For this reason, this type of regression is sometimes called two dimensional Euclidean regression (Stein, 1983)12 or orthogonal regression. The idea behind finding the best-fit line is based on the assumption that the data are scattered about a straight line. The criteria for the best-fit line is that the sum of the squared errors (SSE) is minimized, that is, made as small as possible. Any other line you might choose would have a higher SSE than the best-fit line.

Proof: Ordinary least squares for simple linear regression

Having said that, and now that we’re not scared by the formula, we just need to figure out the a and b values. Before we jump into the formula and code, let’s define the data we’re going to use. For example, say we have a list of how many topics future engineers here at freeCodeCamp can solve if they invest 1, 2, or 3 hours continuously. Then we can predict how many topics will be covered after 4 hours of continuous study even without that data being available to us.

Steps

You might also appreciate understanding the relationship between the slope \(b\) and the sample correlation coefficient \(r\). Then, we try to represent all the marked points as a straight line or a linear equation. The equation of such a line is obtained with the help of the Least Square method. This is done to get the value of the dependent variable for an independent variable for which the value was initially unknown.

Least Squares Estimates

The are some cool physics at play, involving the relationship between force and the energy needed to pull a spring a given distance. It turns out that minimizing the overall energy in the springs is equivalent to fitting a regression line using the method of least squares. Imagine that you’ve plotted some data using a scatterplot, and that you fit a line for the mean of Y through the data.

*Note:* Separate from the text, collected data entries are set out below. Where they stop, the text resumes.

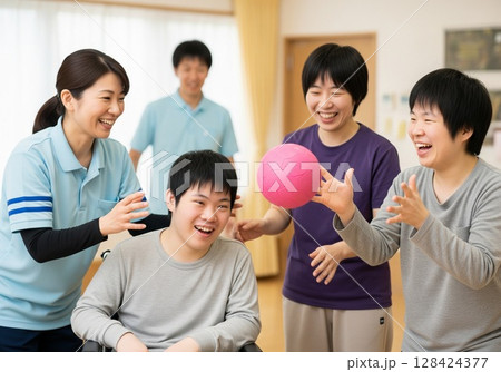 障がい者と支援員の笑顔のレクリエーション障がい者,障害者, ,運動,スポーツ,ゲーム,紙飛行機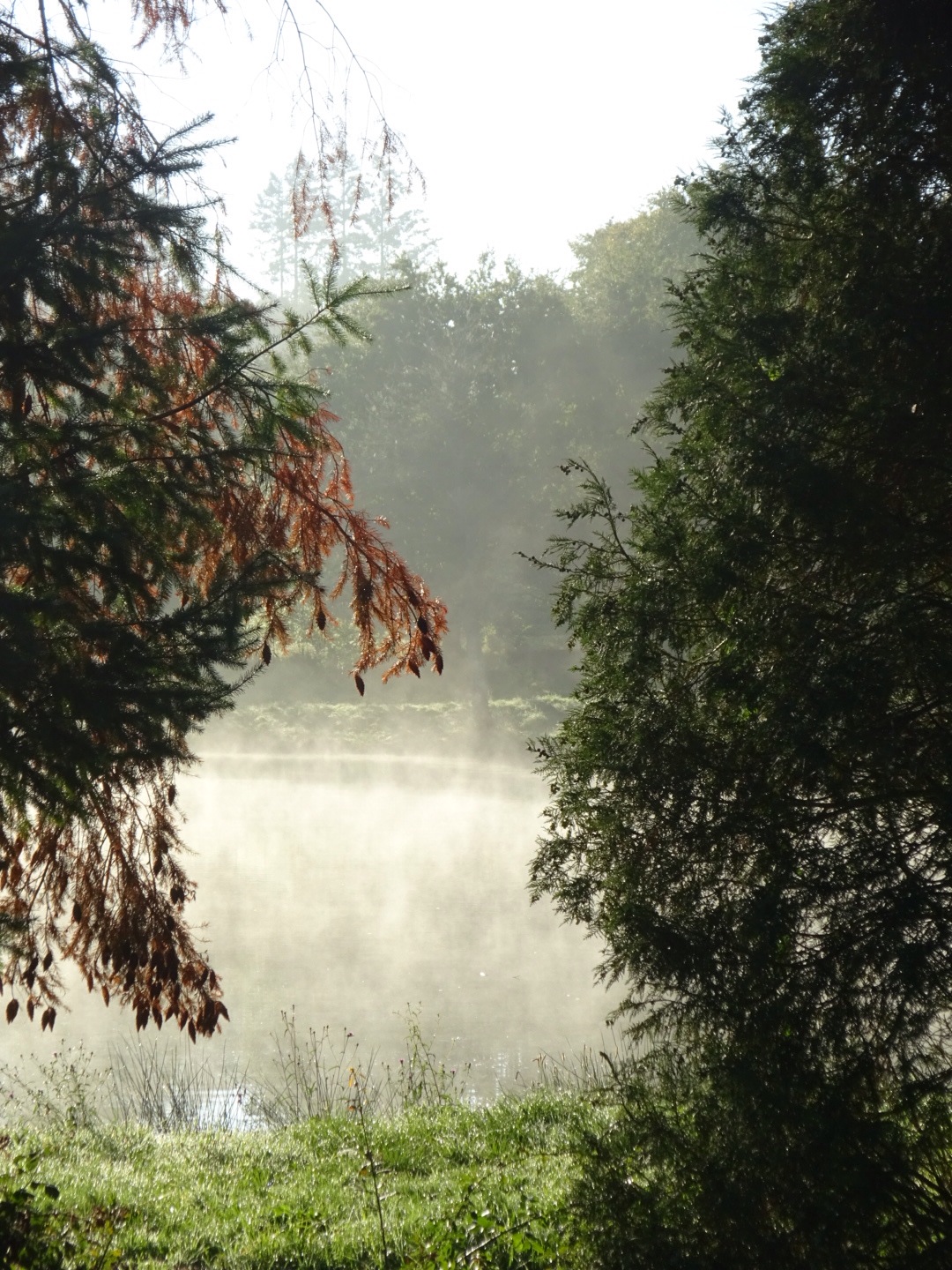 Het is al half negen als we vertrekken. Beetje laat voor een lange etappe. Maar we zaten nog lang aan de ontbijttafel. André en Marga hebben besloten vandaag niet te lopen om André’s rug wat te sparen.Er hangt grondmist als we buitenkomen. En de zon probeert die te verdrijven, Het ziet er prachtig uit.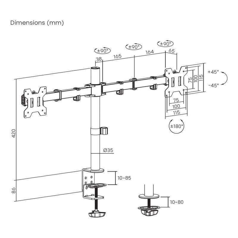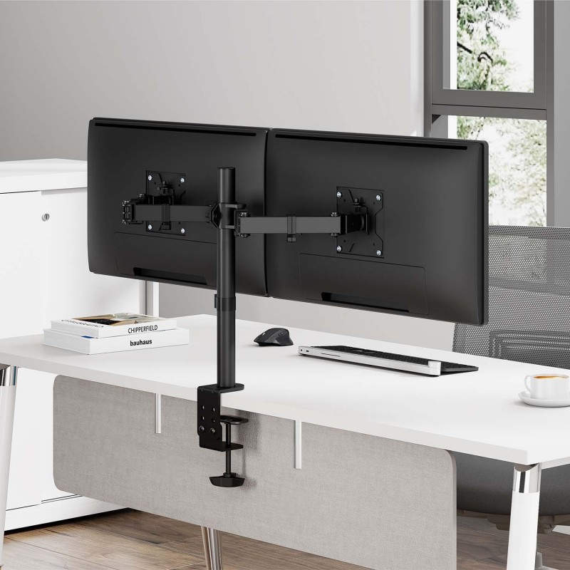 AISENS Soporte de mesa eco giratorio e inclinable para monitor/TV 10kg (3 Pivotes, 2 Brazos) de 17-32, Negro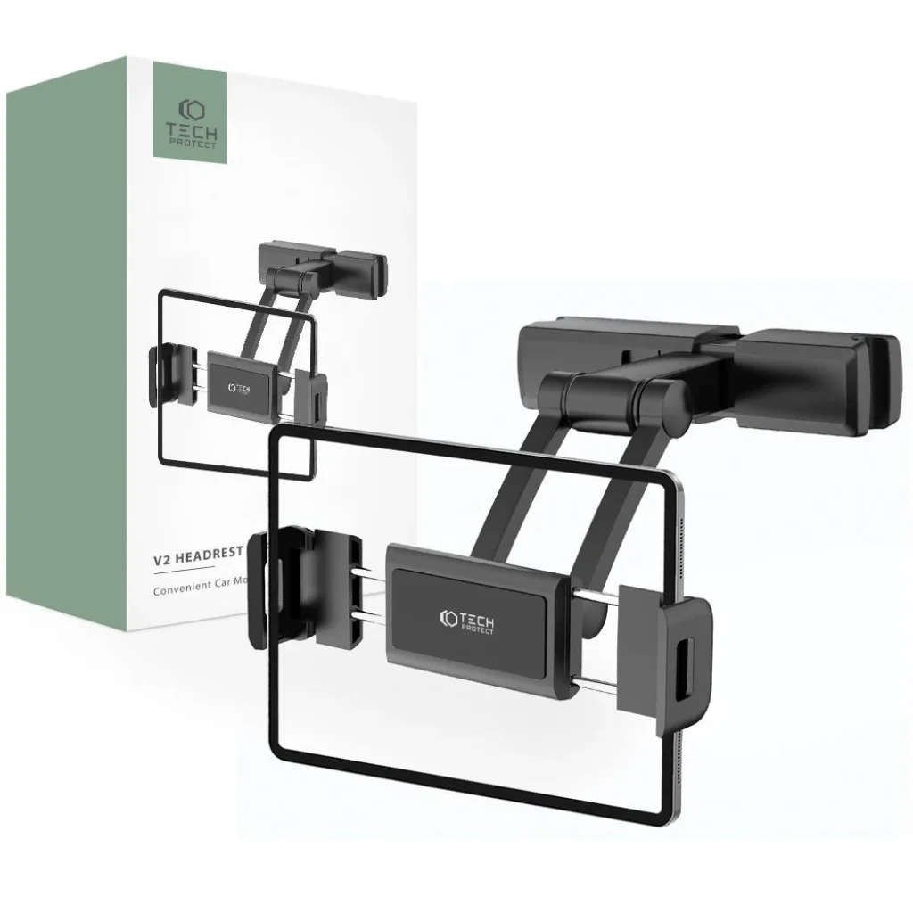 Univerzális Tech-Protect V2 autós tartó, amely az ülés fejtámlájára szerelhető, és olyan eszközökhöz lett kialakítva, mint a telefon vagy tablet. Kényelmes és egyszerű használatával tökéletes hosszú utazásokhoz, szórakozást nyújtva az utasok számára is. Tartós és könnyű anyagokból készült, mint például alumínium ötvözet, polikarbonát és szilikon. Az állítható tartókar stabilizálja az eszközt és megakadályozza annak mozgását még nehéz körülmények között is, a behajtható karok lehetővé teszik a termék méreteinek minimalizálását, ha nincs használatban. A 360°-ban forgatható fej lehetővé teszi az eszköz függőleges és vízszintes elhelyezését, így alkalmazkodik az egyéni igényekhez, akár a legfiatalabb felhasználó számára is. A termék széleskörű kompatibilitással rendelkezik - 130 és 165 mm közötti fejtámlákhoz készült, míg a pofák képesek megfogni 112 és 200 mm közötti szélességű eszközöket.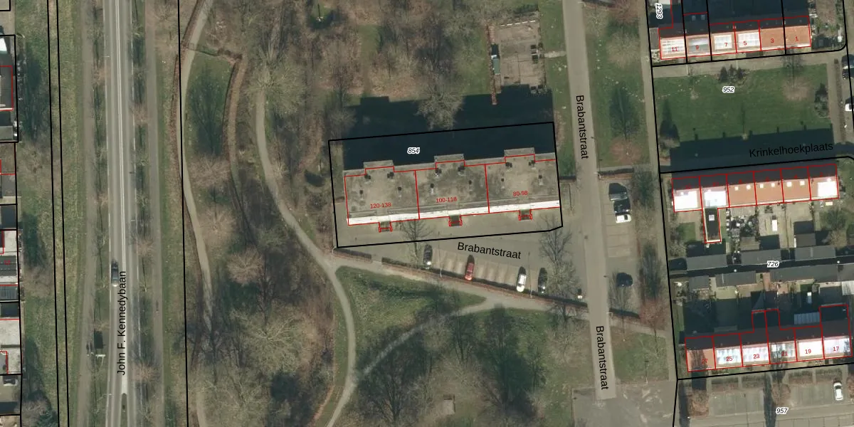 Het perceel waarop Brabantstraat 118 staat heeft een oppervlakte van 1322 m². Dit is een zeer groot perceel. De perceeloppervlakte wordt geregistreerd door het Kadaster. Gedetailleerde informatie over de maten van dit perceel kunt u vinden in het rapport Kadastrale kaart met maatvoering van Brabantstraat 118.
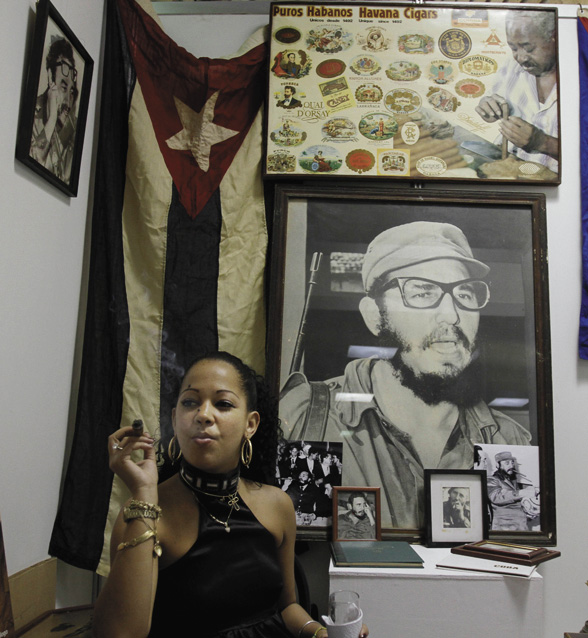| LIGHTING UP—Ariadna Gomez smokes a cigar next to an image of Cuba’s leader Fidel Castro during the 13th annual Cigar Festival in Havana, Cuba, Feb. 21. (AP Photo/Franklin Reyes) |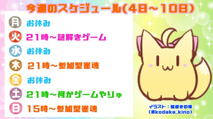 今週のスケジュールイラストはきのさんの作品✨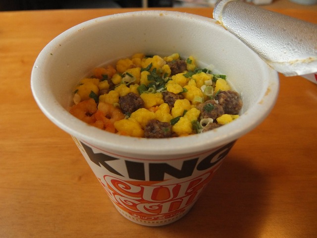 先週キングサイズのを食べたから記念に撮っておいた。お腹すいてたからスープまでぜんぶ飲み干してしまった(´・ω・`) 熱湯520mlだってよ。

It is a generalization of Deming regression and also of orthogonal regression, and can be applied to both linear and non-linear models. The objective of OLS is to find the values of \beta_0, \beta_1, \ldots, \beta_p that minimize the sum of squared residuals (errors) between gross pay vs net pay the actual and predicted values. Least squares regression analysis or linear regression method is deemed to be the most accurate and reliable method to divide the company’s mixed cost into its fixed and variable cost components. This is because this method takes into account all the data points plotted on a graph at all activity levels which theoretically draws a best fit line of regression.

Example

These properties underpin the use of the method of least squares for all types of data fitting, even when the assumptions are not strictly valid. Econometric models often rely on Least Squares regression to analyze relationships between economic variables and to forecast future trends based on historical data. Where \(y\) is the dependent variable, \(x\) is the independent variable, \(m\) is the slope, and \(q\) is the intercept.

This suggests that the relationship between training hours and sales performance is nonlinear, which is a critical insight for further analysis. This method, the method of least squares, finds values of the intercept and slope coefficient that minimize the sum of the squared errors. It helps us predict results based on an existing set of data as well as clear anomalies in our data. Anomalies are values that are too good, or bad, to be true or that represent rare cases. The least-square regression helps in calculating the best fit line of the set of data from both the activity levels and corresponding total costs.

This process often involves the least squares method to determine the best fit regression line, which can then be utilized for making predictions. In analyzing the relationship between weekly training hours and sales performance, we can utilize the least squares regression line to determine if a linear model is appropriate for the data. The process begins by entering the data into a graphing calculator, where the training hours are represented as the independent variable (x) and sales performance as the dependent variable (y).